Literature DB >> 18663435

Pseudoneglect for mental alphabet lines is affected by prismatic adaptation.

Michael E R Nicholls1, Adrian Kamer, Andrea M Loftus.   

Abstract

While patients with right parietal damage and spatial neglect bisect lines to the right, the general population bisects lines to the left; a phenomenon known as pseudoneglect. The leftward bias also occurs for mental representations, such as number and alphabet lines. Prismatic adaptation can have a dramatic effect on attentional bias and corrects neglect and pseudoneglect for physical and mental number lines. This study examined whether prismatic adaptation can correct leftward bisection biases for alphabet lines, which may have a different spatial arrangement compared to number lines. In pre-adaptation testing, students (n = 42) were shown letter trigrams (e.g. C H P) and judged whether the alphabetical distance before or after the inner-letter was larger.
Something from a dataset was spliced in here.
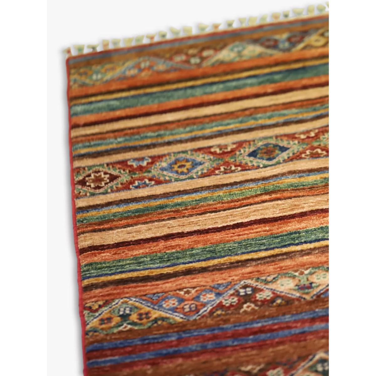 A selection of truly unique and totally individual traditional hand-knotted rugs, this range from Gooch Oriental showcases rugs created by different artisans across town and village locations across the world, including traditional Persian creations. Each piece is carefully selected by the Gooch Oriental team to ensure it's authenticity, quality and finish. Each one is knotted by hand, an intricate process using traditional hand knotting techniques. As such, no two pieces are the same, meaning you can add an authentic and unique piece of crafted design into your home, whilst supporting this heritage industry. The word Khurjeen or Khorjeen means saddle bag in Dari/Farsi. The reason why they chose this name is because of the pattern/style used on the saddle bags. Khurjeen rugs are woven by Turkmen and Hazara tribes in the central and Northern provinces of Afghanistan. The design and patterns of Khurjeen rugs are taken from Saddle bags having different warm colours and straight strips too. Khujeen rugs are unique because of their pattern and delicate designs specially mixing contemporary and traditional designs together. The wool yarns used are all hand spun and dyed using only natural dyes such as cochineal and indigo, which adds to their dramatic and vibrant appearance. Once dyed and hand knotted on a cotton warp base in Afghanistan the rugs are then transported over to Pakistan where they are expertly finished including washing and trimming. In 1sqm of Khurjeen rug there would be around 170000 + knots. The benefits of a wool rug Warm and durable, wool feels beautifully soft underfoot and is long-lasting Naturally flame-retardant and odour resistant Water repellent so easier to clean Naturally biodegradable, wool is part of the circular economy and contains no micro plastics This rug has been knotted by hand, the oldest and most individual way a rug can be made. This involves an intricate process of weaving by hand on a loom where yarns are tied one at a time, giving the rug a durable construction. About your new rug We recommend John Lewis & Partners Rug Hold Underlay. It prevents your rug from moving underfoot and protects against colour transfer to the floor As this rug is made using natural fibres, shedding is to be expected. This will reduce over time, and should not have an impact on the lifespan or performance of your rug. When you first get your rug, please use the brush attachment on your vacuum cleaner whilst the shedding dies down. After that, when vacuuming your rug, use suction only. Rotating brushes may damage the fibres. When vacuuming your rug, use suction only. Rotating brushes may damage the fibres Blot any spills with a clean, dry cloth. Do not rub or use harsh detergents. Textile backed Attend to spillages immediately and blot with a clean, dry cloth to prevent staining. Dilute a small amount of appropriate carpet shampoo in water. Dampen a colourfast cloth in the diluted shampoo solution and dab the rug, lightly agitating, moving in the direction of the pile. Treat the whole rug and not just the affected area. To restore the appearance of the affected area, use a soft bristled brush to gently comb in the direction of the pile. Allow the rug to thoroughly dry.
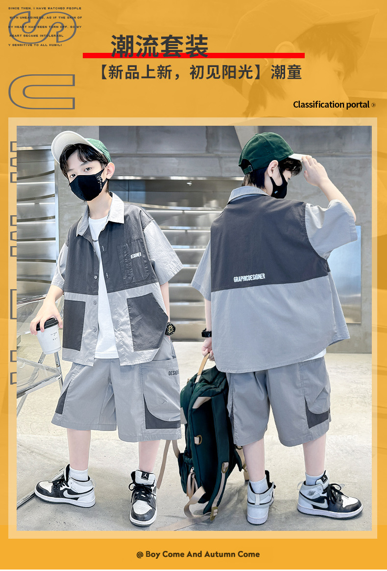 남자들의 여름 셔츠 반팔 세트 2024 새로운 중대형 어린이 여름 여름 소년 바지 투피스 세트스토어 가기

Participants were then split into three groups and were adapted to left-shifting, control or right-shifting prims. After adaptation, the mental alphabet bisection task was re-administered. The length of left side of the alphabet lines was overestimated by all three groups in the pre-adaptation phase. Right-shifting prisms and control spectacles had no effect on the leftward bias whereas exposure to left-shifting prisms corrected the bias. The results replicate an effect observed for mental number lines and demonstrate that low-level sensory-motor shifts can correct attentional biases associated with high-level representations, such as letters.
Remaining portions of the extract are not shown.